* [Aim of the exercise]:
Word for word, retype the lines from the one containing "2026年春に日本上陸した韓" to the one containing "Читаем его часто, смеется, вспоминает" below, keeping both end lines and dropping the pictures.

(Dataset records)

'''

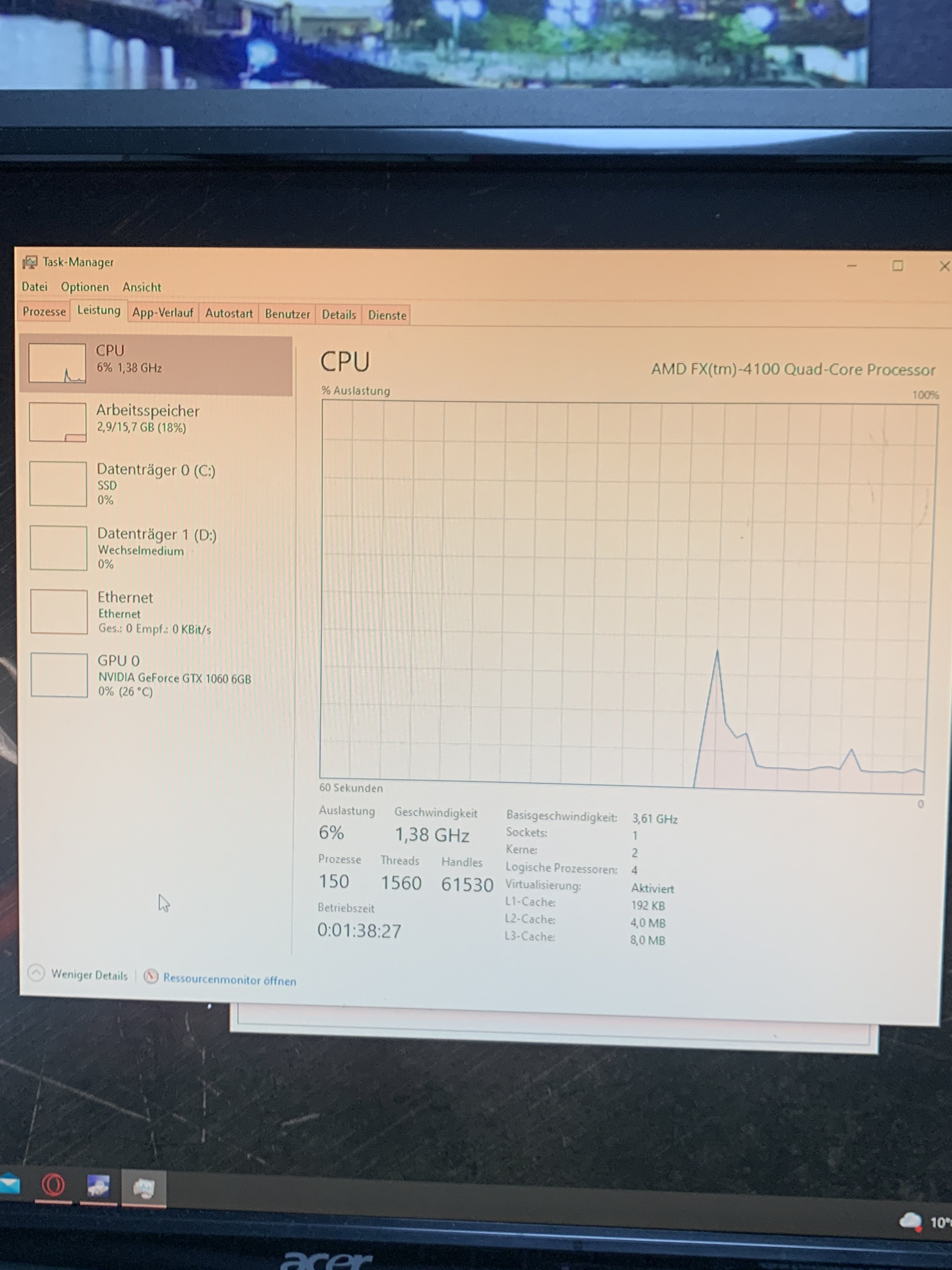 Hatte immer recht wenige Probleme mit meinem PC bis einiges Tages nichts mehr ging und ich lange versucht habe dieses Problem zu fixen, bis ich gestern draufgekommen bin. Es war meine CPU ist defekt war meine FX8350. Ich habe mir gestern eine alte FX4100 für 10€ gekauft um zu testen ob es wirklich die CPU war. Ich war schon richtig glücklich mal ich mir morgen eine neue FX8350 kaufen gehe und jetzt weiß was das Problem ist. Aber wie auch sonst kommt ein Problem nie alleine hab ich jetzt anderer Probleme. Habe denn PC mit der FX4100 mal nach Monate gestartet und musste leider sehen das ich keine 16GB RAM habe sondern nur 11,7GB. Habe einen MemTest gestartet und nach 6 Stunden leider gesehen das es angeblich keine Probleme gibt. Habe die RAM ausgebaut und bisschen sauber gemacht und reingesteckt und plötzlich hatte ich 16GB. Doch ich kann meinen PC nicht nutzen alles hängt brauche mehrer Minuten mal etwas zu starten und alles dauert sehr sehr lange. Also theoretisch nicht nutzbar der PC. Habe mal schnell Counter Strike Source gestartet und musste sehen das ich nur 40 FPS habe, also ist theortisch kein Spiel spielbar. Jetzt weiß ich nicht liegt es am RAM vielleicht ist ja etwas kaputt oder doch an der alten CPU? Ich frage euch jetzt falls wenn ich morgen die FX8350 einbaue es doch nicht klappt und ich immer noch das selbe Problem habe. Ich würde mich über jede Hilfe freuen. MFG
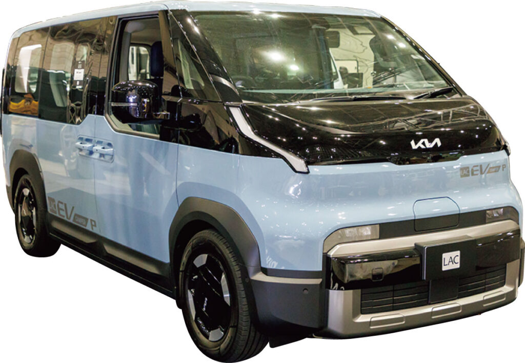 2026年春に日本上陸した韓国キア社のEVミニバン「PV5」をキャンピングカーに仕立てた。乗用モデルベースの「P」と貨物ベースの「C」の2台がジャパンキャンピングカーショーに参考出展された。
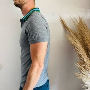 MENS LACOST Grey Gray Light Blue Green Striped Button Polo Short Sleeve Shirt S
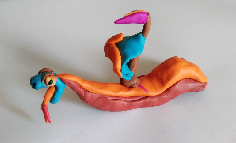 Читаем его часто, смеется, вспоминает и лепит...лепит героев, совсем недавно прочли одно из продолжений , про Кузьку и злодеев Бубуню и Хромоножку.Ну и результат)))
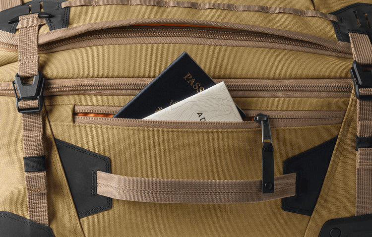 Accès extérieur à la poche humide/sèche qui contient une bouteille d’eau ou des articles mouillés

'''

* [Answer to the exercise]:
 2026年春に日本上陸した韓国キア社のEVミニバン「PV5」をキャンピングカーに仕立てた。乗用モデルベースの「P」と貨物ベースの「C」の2台がジャパンキャンピングカーショーに参考出展された。
 MENS LACOST Grey Gray Light Blue Green Striped Button Polo Short Sleeve Shirt S
 Читаем его часто, смеется, вспоминает и лепит...лепит героев, совсем недавно прочли одно из продолжений , про Кузьку и злодеев Бубуню и Хромоножку.Ну и результат)))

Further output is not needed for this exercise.